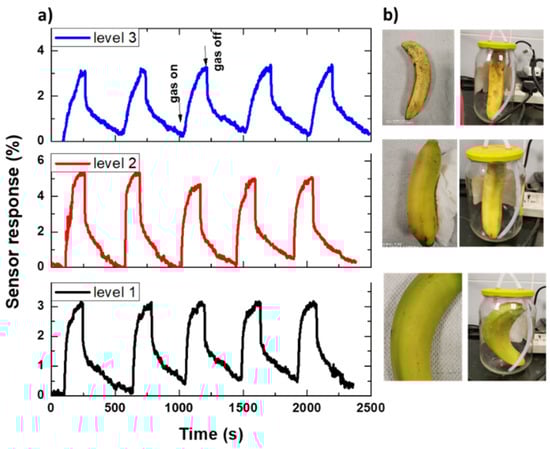 We also performed cycling on a CNTs-based sensor to investigate the repeatability of the fabricated sensor, as shown in Figure 15. Figure 15a shows the response changes of the CNTs-based sensor as a function of time when the sensor was exposed to five cycles of a sequence of air, including produced ethylene (response for 180 s) and dry air (recovery for 300 s), according to three bananas with a different level of ripening, as shown in Figure 15b. It was found that the sensor has a good sensing performance during the sensing cycles without sensing decay, which suggests that the sensing characteristics were repeatable. Moreover, it is sensitive to various levels of banana ripening.
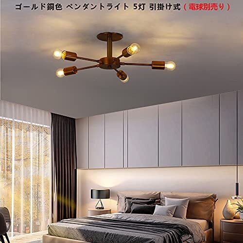 「Herischen ペンダントライト ゴールド銅色 北欧風 アンティーク レトロスタイル 天井照明 照明器具 引掛け式 工事不要 リビング キッ」▼345932244727▼(商品説明)工?・銅色5灯 ・・Color:銅色5灯・【ゴールド銅色の本体】ペンダントライト5灯は高品質の金属で作られている、高級なゴールド銅色、お値段以上の幸福感をきっともたらしてくれます。サイズ:約50×50×15cm「定格電圧」85-250V「重量」約1.3kg。電球対応:E26(電球は付属しません)日本説明書付き。・【広い光が感じ】壁を照らしたり、直下を照らしたり、光を散らばせることにより陰影が生まれ、オシャレな空間を演出することができるのです。明るい光線は清潔感のある印象で、お部屋のテイストを選ばずお使いになれます。北欧系などのモダンなインテリアにもピッタリです。リビング 照明 おしゃれだけでなく、ダイニングや寝室にも良いですね。・【工業風】ペンダントライト5灯は外観と内側もゴールド銅色で、室内にアンティークな雰囲気を醸し出します。照明としてだけではなくお部屋のインテリアとしても活躍しそうです。天井照明をオシャレなデザイン照明に変えるだけで、お部屋の雰囲気はグッと変わります。さらにスタンドライトなどの補助照明を足すことで「多灯照明」に!一つペンダントライトだけで十分です【ゴールド銅色の本体】ペンダントライト5灯は高品質の金属で作られている、高級なゴールド銅色、お値段以上の幸福感をきっともたらしてくれます。サイズ:約50×50×15cm「定格電圧」85-250V「重量」約1.3kg。電球対応:E26(電球は付属しません)日本説明書付き。 【広い光が感じ】壁を照らしたり、直下を照らしたり、光を散らばせることにより陰影が生まれ、オシャレな空間を演出することができるのです。明るい光線は清潔感のある印象で、お部屋のテイストを選ばずお使いになれます。北欧系などのモダンなインテリアにもピッタリです。リビング 照明 おしゃれだけでなく、ダイニングや寝室にも良いですね。 【工業風】ペンダントライト5灯は外観と内側もゴールド銅色で、室内にアンティークな雰囲気を醸し出します。照明としてだけではなくお部屋のインテリアとしても活躍しそうです。天井照明をオシャレなデザイン照明に変えるだけで、お部屋の雰囲気はグッと変わります。さらにスタンドライトなどの補助照明を足すことで「多灯照明」に!一つペンダントライトだけで十分です。 【幅広い範囲に適用】ペンダントライト5灯はお部屋に観賞性や高級感を添えます。リビング・ダイニング・カフェ・店舗・ホテルの部屋・喫茶店など様々な場所にふさわしくて、いい雰囲気を演出します。 【簡単な取り付け】引掛けシーリング式なので、工事不要で素人にも取り付けられます。★★★ご注意:感電の恐れがありますので、取付・取り外す前に必ず部屋の主電源のブレーキを下がってください!!!※LED電球、白熱電球、電球型蛍光灯使用可。ご注意:傾斜のある天井、傾斜を合わせた舟底天井、凹凸のある天井ではご使用いただけません。必ず平らな天井に取り付けて下さい。
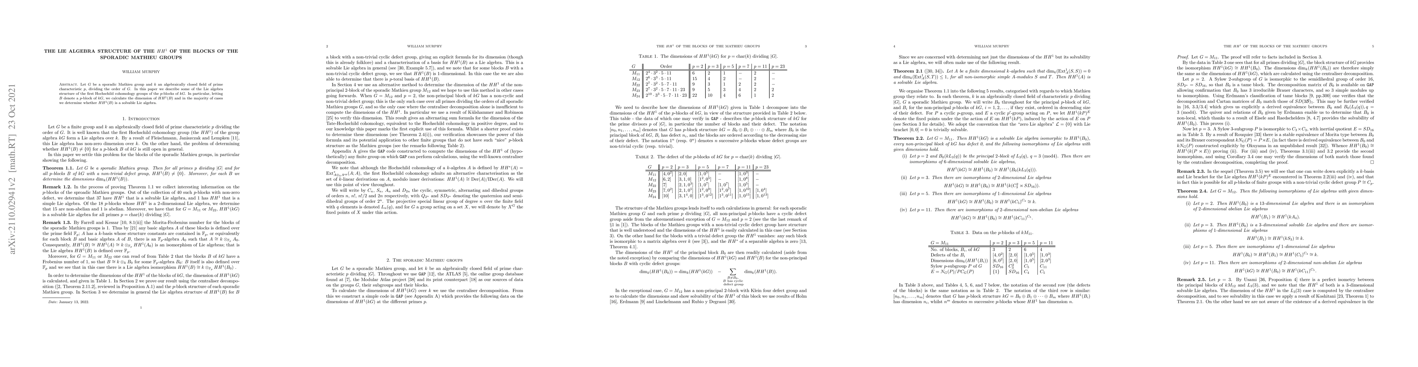 Let $G$ be a sporadic Mathieu group and $k$ an algebraically closed field of prime characteristic $p$, dividing the order of $G$. In this paper we describe some of the Lie algebra structure of the first Hochschild cohomology groups of the $p$-blocks of $kG$. In particular, letting $B$ denote a $p$-block of $kG$, we calculate the dimension of $HH^1(B)$ and in the majority of cases we determine whether $HH^1(B)$ is a solvable Lie algebra.
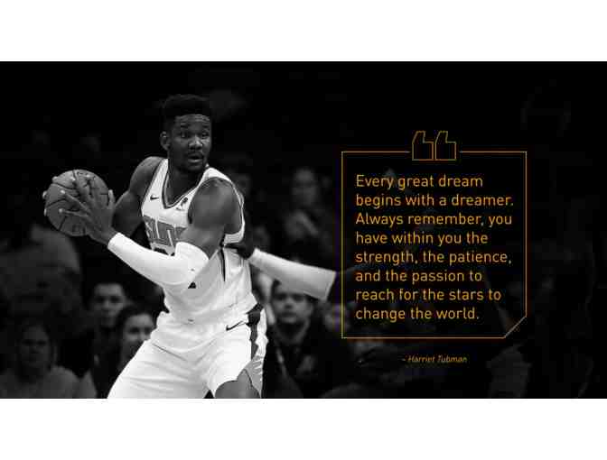 Custom, autographed black & white Deandre Ayton 18" x 24" canvas accompanied by a quote from Harriet Tubman, reading, "Every great dream begins with a dreamer. Always remember, you have within you the strength, the patience, and the passion to reach for the stars to change the world."
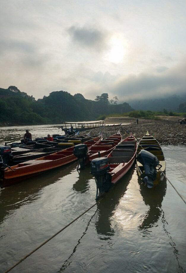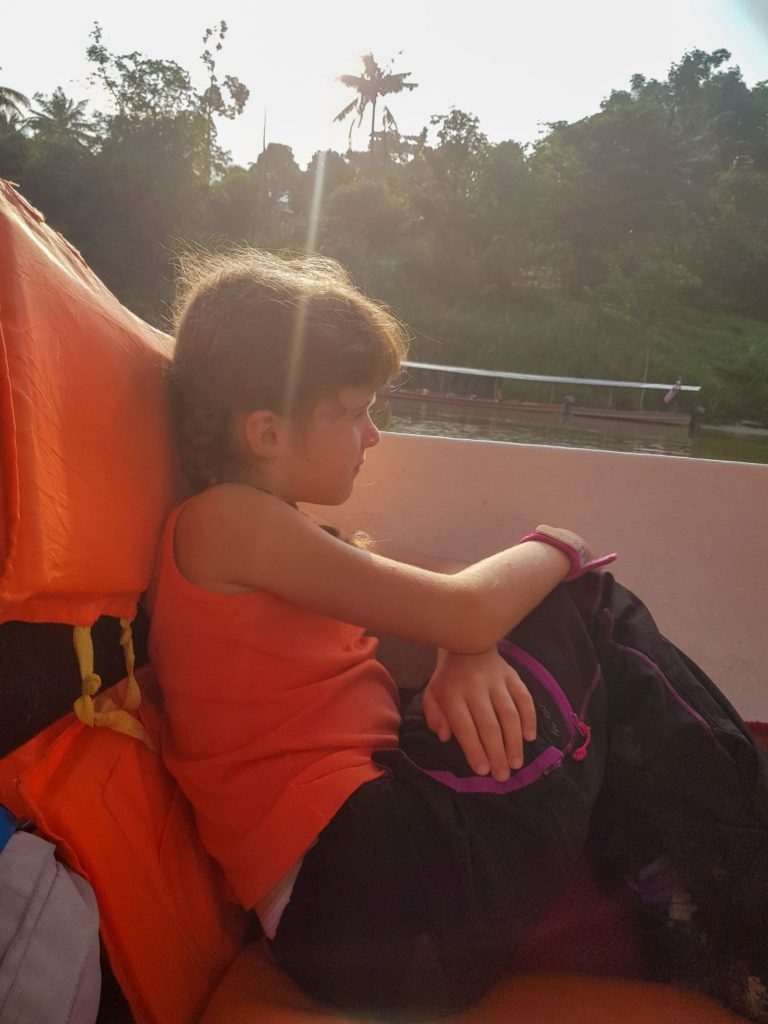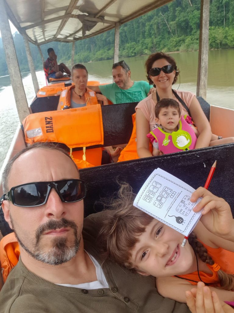 Départ ce matin à nouveau en pirogue puis en bus (qui nous secoue énormément-c’est un euphémisme- ce qui fait beaucoup rire les enfants !!!) pour les Cameron Highlands, une région montagneuse où les anglais avaient installé des plantations de thé.
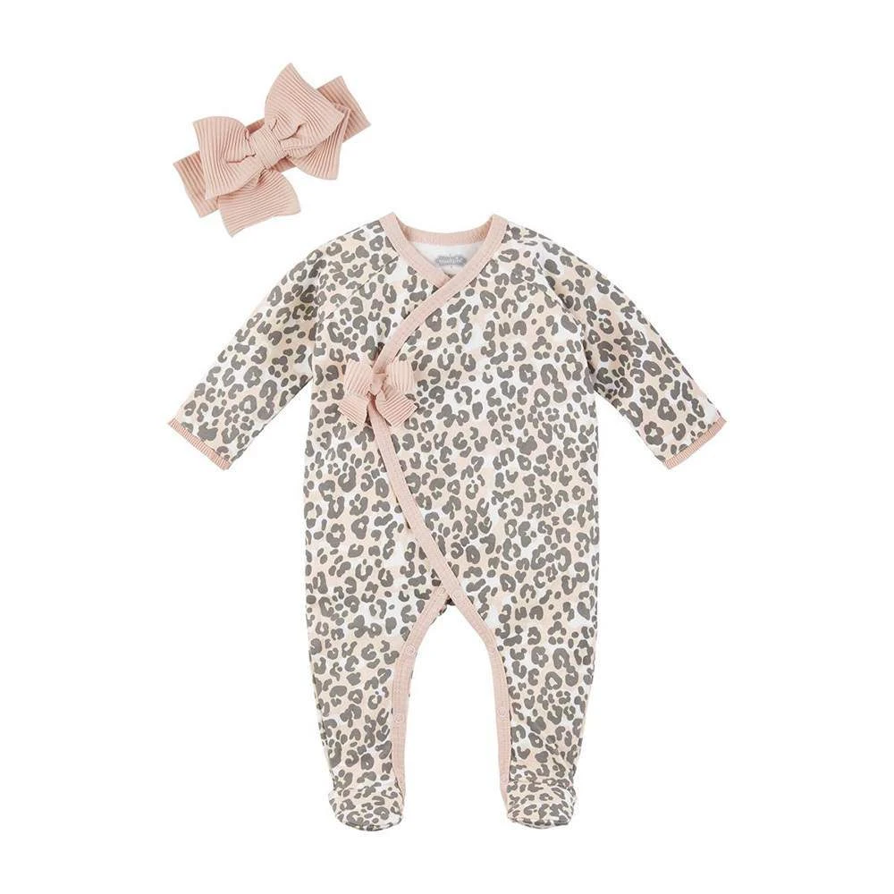 2-piece set. Interlock kimono style footed sleeper. Comes with cotton rib bow headband.
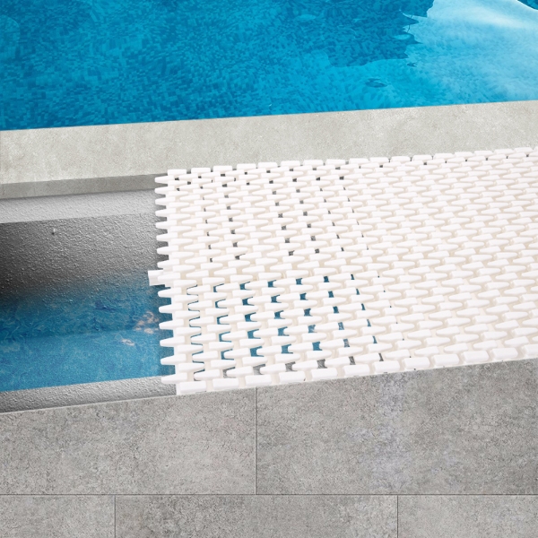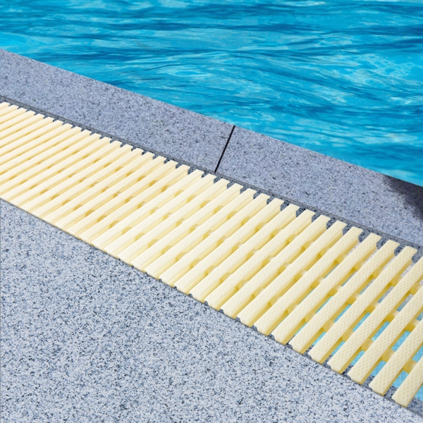 Pool grating is installed on the edge of the swimming pool to drain the water that overflows from the pool. The surface of the grating has anti slip treatment. There are many protruding points that can increase friction and prevent slipping effectively. They can be rotated and bent to adapt to different shapes of swimming pools.
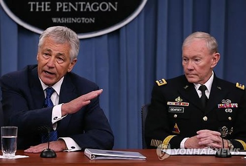 Bộ trưởng Quốc phòng Mỹ Chuck Hagel (trái) và Chủ tịch Hội đồng Tham mưu trưởng Liên quân Mỹ Martin Dempsey trong buổi họp báo hôm qua. Ảnh: Yonhap
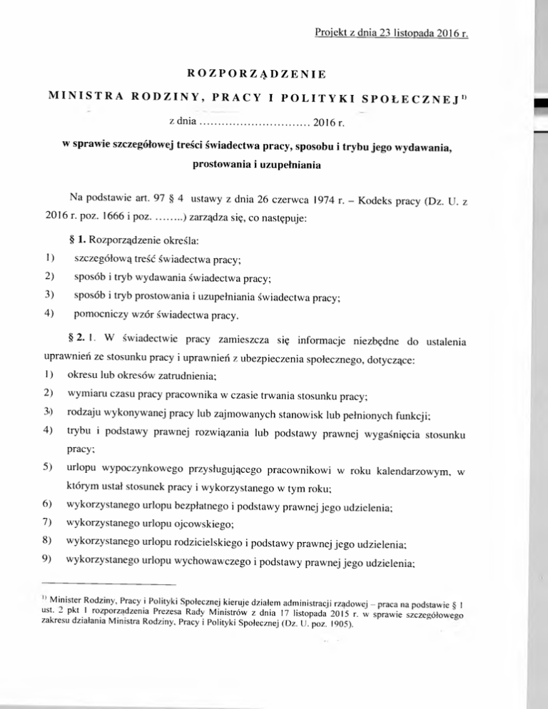 Projekt z dnia 23 listopada 2016 r. ROZPORZĄDZENIE MINISTRA RODZINY, PRACY I POLITYKI SPOŁECZNEJ" z d n ia ...........................................2016r. w spraw ie szczegółow ej treści św iadectw a pracy, sposobu i trybu jeg o w ydaw ania, prostowania i uzupełniania Na podstawie art. 97 § 4 ustawy z dnia 26 czerwca 1974 r. - Kodeks pracy (Dz. U. z 2016 r. poz. 1666 i poz............ ) zarządza się, co następuje: § 1. Rozporządzenie określa: 1) szczegółową treść świadectwa pracy; 2) sposób i tryb wydawania świadectwa pracy; 3) sposób i tryb prostowania i uzupełniania świadectwa pracy; 4) pomocniczy wzór świadectwa pracy. § 2. 1. W świadectwie pracy zamieszcza się informacje niezbędne do ustalenia uprawnień ze stosunku pracy i uprawnień z ubezpieczenia społecznego, dotyczące: 1) okresu lub okresów zatrudnienia; 2) wymiaru czasu pracy pracownika w czasie trwania stosunku pracy; 3') rodzaju wykonywanej pracy lub zajmowanych stanowisk lub pełnionych funkcji; 4) trybu i podstawy prawnej rozwiązania lub podstawy prawnej wygaśnięcia stosunku pracy; 5) urlopu wypoczynkowego przysługującego pracownikowi w roku kalendarzowym, w którym ustał stosunek pracy i wykorzystanego w tym roku; 6) wykorzystanego urlopu bezpłatnego i podstawy prawnej jego udzielenia; 7) wykorzystanego urlopu ojcowskiego; 8) wykorzystanego urlopu rodzicielskiego i podstawy prawnej jego udzielenia; 9) wykorzystanego urlopu wychowawczego i podstawy prawnej jego udzielenia; M inister R odziny, Pracy i Polityki Społecznej kieruje działem adm inistracji rządow ej - praca na podstaw ie § 1 ust. _ pkt I rozporządzenia Prezesa Rady M inistrów z dnia 17 listopada 2015 r. w spraw ie szczegółow ego zakresu działania M inistra Rodziny, Pracy i Polityki Społecznej (Dz. U. poz. 1905). 10) zwolnienia od pracy przewidzianego w art. 188 ustawy z dnia 26 czerwca 1974 r. Kodeks pracy, zwanej dalej „Kodeksem pracy”, wykorzystanego w roku kalendarzowym, w którym ustał stosunek pracy; 11) liczby dni, za które pracownik otrzymał wynagrodzenie, zgodnie z art. 92 Kodeksu pracy, w roku kalendarzowym, w którym ustał stosunek pracy; . 12) okresu, za który pracownikowi przysługuje odszkodowanie w związku ze skróceniem okresu wypowiedzenia umowy o pracę na podstawie art. 36' § 1 Kodeksu pracy; 13) okresu odbytej czynnej służby wojskowej lub jej form zastępczych; 14) okresu wykonywania pracy w szczególnych warunkach lub w szczególnym charakterze; 15) wykorzystanego dodatkowego urlopu albo innego uprawnienia lub świadczenia, przewidzianego przepisami prawa pracy; 16) okresów nieskładkowych, przypadających w okresie zatrudnienia, którego dotyczy świadectwo pracy, uwzględnianych przy ustalaniu prawa do emerytury lub renty; 17) zajęcia wynagrodzenia za pracę w myśl przepisów o postępowaniu egzekucyjnym; 18) należności ze stosunku pracy uznanych i nie zaspokojonych przez pracodawcę do dnia ustania tego stosunku, z powodu braku środków finansowych; 19) danych, które są zamieszczane na żądanie pracownika - informacji o wysokości i składnikach wynagrodzenia oraz o uzyskanych kwalifikacjach. 2. Informacje, o których mowa w ust. 1 pkt 19, zamieszcza się w świadectwie pracy na żądanie pracownika zgłoszone pracodawcy w terminie nie krótszym niż 3 dni przed terminem wydania świadectwa pracy. 3. W świadectwie pracy zamieszcza się pouczenie o prawie pracownika wystąpienia z wnioskiem do pracodawcy o sprostowanie świadectwa pracy w ciągu 7 dni od otrzymania świadectwa pracy, a w razie nieuwzględnienia tego wniosku przez pracodawcę - o prawie do wystąpienia z żądaniem sprostowania świadectwa pracy do sądu pracy, w ciągu 7 dni od zawiadomienia o odmowie sprostowania świadectwa przez pracodawcę. 4. Pomocniczy wzór świadectwa pracy zawiera załącznik do rozporządzenia. § 3. Pracodawca wydaje świadectwo pracy bezpośrednio pracownikowi albo osobie upoważnionej przez pracownika w formie pisemnej. § 4 . W przypadku określonym w art. 97 § 1 Kodeksu pracy pracodawca wydaje świadectwo pracy w dniu, w którym następuje rozwiązanie lub wygaśnięcie stosunku pracy. Jeżeli z przyczyn obiektywnych wydanie świadectwa pracy pracownikowi albo osobie przez niego upoważnionej w tym terminie nie jest możliwe, pracodawca w ciągu 7 dni od dnia upływu tego terminu, przesyła świadectwo pracy pracownikowi lub tej osobie za pośrednictwem poczty albo doręcza je w inny sposób. § 5. W razie wygaśnięcia stosunku pracy z powodu śmierci pracownika, pracodawca sporządzar świadectwo pracy i włącza je do akt osobowych zmarłego pracownika. Na wniosek małżonka lub innej osoby uprawnionej do ubiegania się o rentę rodzinną w myśl przepisów o emeryturach i rentach z Funduszu Ubezpieczeń Społecznych, a w razie braku takich osób innej osoby będącej spadkobiercą tego pracownika, złożony w postaci papierowej lub elektronicznej, pracodawca wydaje świadectwo pracy w ciągu 7 dni od dnia złożenia wniosku. § 6 . Kopię świadectwa pracy przechowuje się w aktach osobowych pracownika; w uzasadnionych przypadkach pracodawca wydaje odpis tego świadectwa pracy pracownikowi albo osobie, o której mowa w § 3 i § 5. § 7. 1. Pracodawca zawiadamia pracownika na piśmie o negatywnym wyniku rozpatrzenia wniosku o sprostowanie świadectwa pracy w ciągu 7 dni od dnia otrzymania tego wniosku. W razie uwzględnienia wniosku, pracodawca wydaje pracownikowi w tym terminie nowe świadectwo pracy. 2. W razie uwzględnienia przez sąd pracy powództwa pracownika o sprostowanie świadectwa pracy, pracodawca wydaje pracownikowi niezwłocznie nowe świadectwo pracy, w ciągu 3 dni od dnia uprawomocnienia się orzeczenia sądu w tej sprawie. 3. W razie prawomocnego orzeczenia sądu pracy o przywróceniu pracownika do pracy lub przyznaniu mu odszkodowania z tytułu niezgodnego z przepisami prawa wypowiedzenia umowy o pracę lub jej rozwiązania bez wypowiedzenia, 
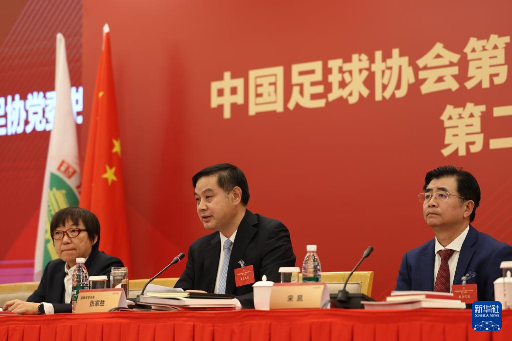 1月9日,国家体育总局副局长、中国足球协会党委书记张家胜(中)在大会上发言。新华社记者 胡星宇 摄
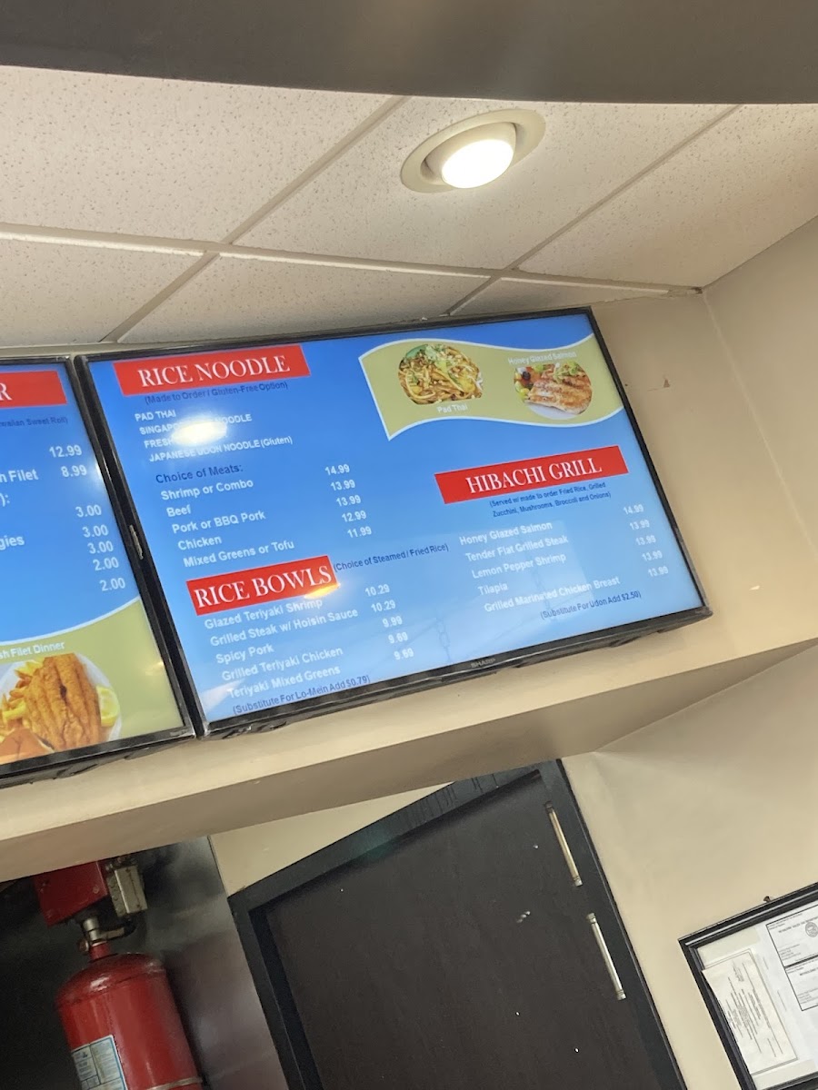 “ Location is kind of hidden in my opinion because of all the times I've drove by this area I've never seen it. I was going to another location for lunch when I was forced to make a u turn into a parking lot due to traffic. I looked up and saw the sign and decided to drop in. The food was excellent in my opinion and the establishment very clean and orderly. The prices we very competitive to others of this type of fast food cuisine. Employees were very polite and curiosity. And speed of the service was very prompt. I received my order right after payment was made and was out the door. Food was hot and very delicious in my opinion. I will return to this location for my future lunch endeavors. If you like Asian cuisine I would recommend this establishment. ”

:::

In the listing above, find the line containing "Pool grating is" and the line containing "Bộ trưởng Quốc". Reproduce those lines and all between them exactly, with no pictures and nothing more.

Response box =>
 Pool grating is installed on the edge of the swimming pool to drain the water that overflows from the pool. The surface of the grating has anti slip treatment. There are many protruding points that can increase friction and prevent slipping effectively. They can be rotated and bent to adapt to different shapes of swimming pools.
 Bộ trưởng Quốc phòng Mỹ Chuck Hagel (trái) và Chủ tịch Hội đồng Tham mưu trưởng Liên quân Mỹ Martin Dempsey trong buổi họp báo hôm qua. Ảnh: Yonhap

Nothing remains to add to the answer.